Whether it would have meaningfully closed the gap between Philadelphia's growth trajectory and New York's over the following eighty years is difficult to determine. Philadelphia's manufacturing decline in the postwar decades had causes that ran through federal housing and highway policy, deindustrialization, and regional competition with the Sun Belt, forces that had comparatively little to do with where the UN's flagpoles ended up. However, the city’s lack of immigration growth in the post-war era likely would have been greatly bolstered by the presence of the United Nations, stemming the loses felt in neighborhoods close to Center City.

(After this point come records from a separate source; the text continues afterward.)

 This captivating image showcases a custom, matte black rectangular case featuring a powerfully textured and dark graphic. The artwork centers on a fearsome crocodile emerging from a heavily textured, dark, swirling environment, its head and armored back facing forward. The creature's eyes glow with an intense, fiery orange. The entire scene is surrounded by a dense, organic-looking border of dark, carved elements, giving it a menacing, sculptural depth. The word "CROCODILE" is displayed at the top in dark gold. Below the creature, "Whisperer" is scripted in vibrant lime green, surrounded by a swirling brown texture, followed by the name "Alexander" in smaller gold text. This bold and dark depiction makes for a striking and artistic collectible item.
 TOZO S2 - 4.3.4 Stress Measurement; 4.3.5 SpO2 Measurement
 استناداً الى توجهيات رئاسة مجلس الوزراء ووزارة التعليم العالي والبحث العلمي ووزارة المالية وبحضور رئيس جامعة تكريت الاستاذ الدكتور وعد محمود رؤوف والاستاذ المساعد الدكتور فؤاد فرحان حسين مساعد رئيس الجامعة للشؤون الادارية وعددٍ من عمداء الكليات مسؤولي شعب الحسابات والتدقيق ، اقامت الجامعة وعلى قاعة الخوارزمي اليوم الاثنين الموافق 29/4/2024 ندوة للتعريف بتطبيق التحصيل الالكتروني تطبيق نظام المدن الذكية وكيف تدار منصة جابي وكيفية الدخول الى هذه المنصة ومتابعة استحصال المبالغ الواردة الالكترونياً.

The national and global city
It's tempting to read the UN's arrival in New York as some sort of inflection point for American wealth concentration, the moment a Rockefeller bought his way into shaping the postwar order. While Rockefeller's donation was legally clean: he spent his own money, transferred clear title, and the land became sovereign UN territory that his family has never owned or profited from directly. His son Nelson and Robert Moses had been maneuvering behind the scenes to keep the headquarters near New York, including an earlier, unsuccessful attempt to offer the family's own Westchester estate, and the deal enriched Manhattan real estate broadly in ways that were certainly convenient for a family with major holdings there. That's elite influence operating through a respectable, diffuse channel. It is a different animal from the more direct, transactional self-dealing that shows up elsewhere in American business and political history, and the distinction is worth preserving rather than collapsing into a single story about greed. However, it would be wrong to not to point out the self-serving nature of Rockefeller’s actions.

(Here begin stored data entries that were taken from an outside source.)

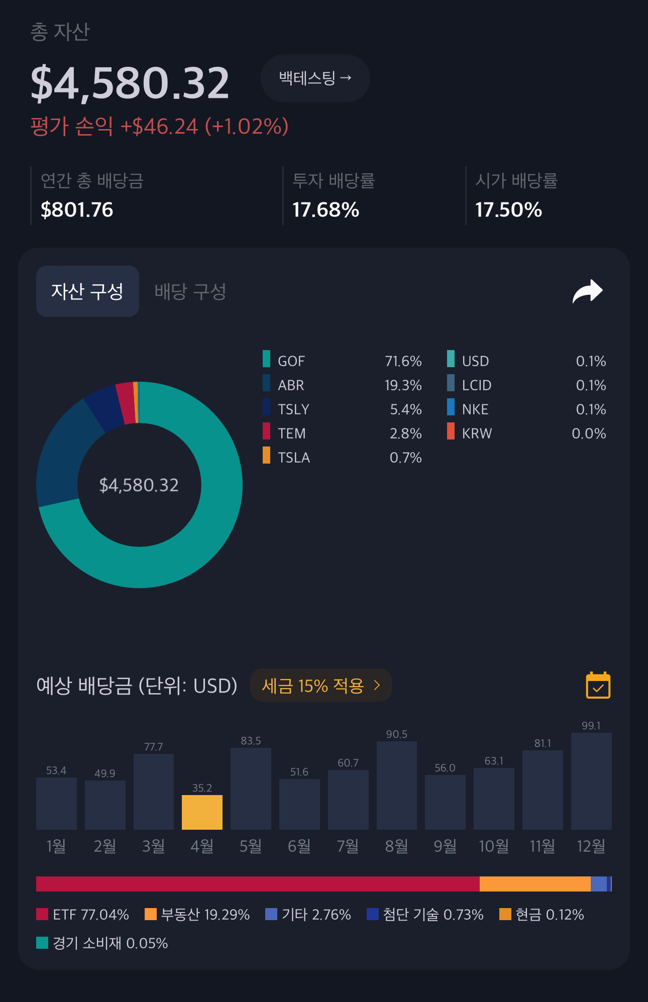 반면, 고배당주는 변동폭이 작고 하락장에서도 배당금을 꾸준히 받을 수 있어, 심리적인 안정감을 주었습니다. 특히 제가 많이 투자한 구겐하임 펀드와 아버 리얼티 트러스트는 박스권 하단에 위치해 있어, 하락장이 와도 급격히 떨어지지 않을 것이라고 생각했습니다. 다행히 최근 하락장에서 제 예상이 어느 정도 맞아떨어졌습니다. 기술주들이 큰 폭으로 하락할 때, 고배당주들은 상대적으로 괜찮은 방어력을 보여주었습니다.
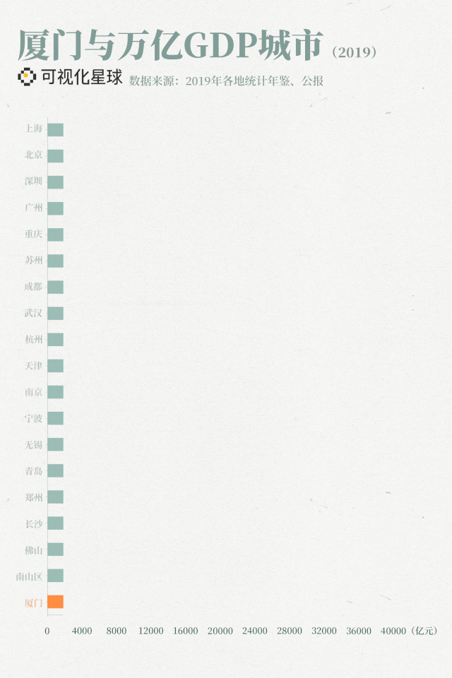 厦门与万亿GDP城市 | 制图@泰山/可视化星球
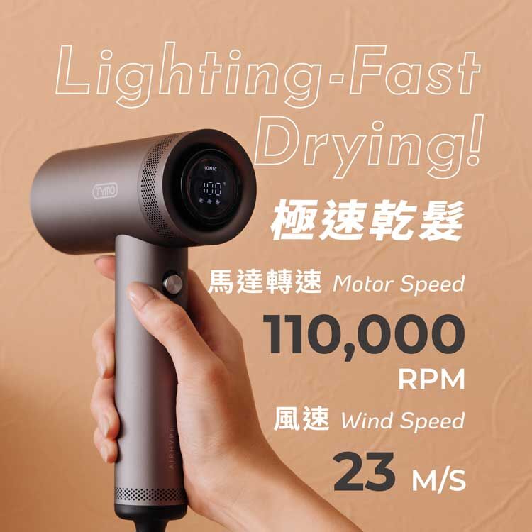 1. 11萬轉高速馬達,每秒23公尺集中大風量、特殊航太科技扇葉設計;穩定速乾,吹髮時間減半

What the Philadelphia bid represented is a fork in the road for how postwar American civic identity got assigned. New York became the site where global power and American commercial dominance visibly fused. A Philadelphia headquarters would have forced a different fusion: the UN's internationalism draped over the imagery of the American founding, delegates debating collective security within sight of the halls of our Founding Fathers. Whether that combination would have tempered anything about how the UN, or the country, actually behaved over the following eight decades is speculative, but tempting to believe that the “rich get richer, the poor get poorer” mentality may have been more subdued.
The Diplomatic Center
The most plausible scenario would have been that Philadelphia would have a larger diplomatic community and international institutional presence than it does now. Fairmount Park, or the Independence Hall corridor, would look nothing like it does today. Some of the mid-century civic energy the city poured into preservation and park-building after losing the bid might have gone toward something else entirely, or might never have been summoned at all. While New York would still very likely be the country's financial capital, UN or no UN, it is likely that the corporate consolidation that consumed most of Philadelphia’s institutions may have been less severe. A much larger skyline might be in place. Neighborhoods that fell into disrepair may not have fallen so far.
While no one can tell really what difference it would have made to the city and country, it is clear that that Philadelphia came far closer to becoming the seat of the postwar world order than its current reputation as a legacy city, and that the deciding factor was less about the substance of either city's case and more about which family managed to move a checkbook first.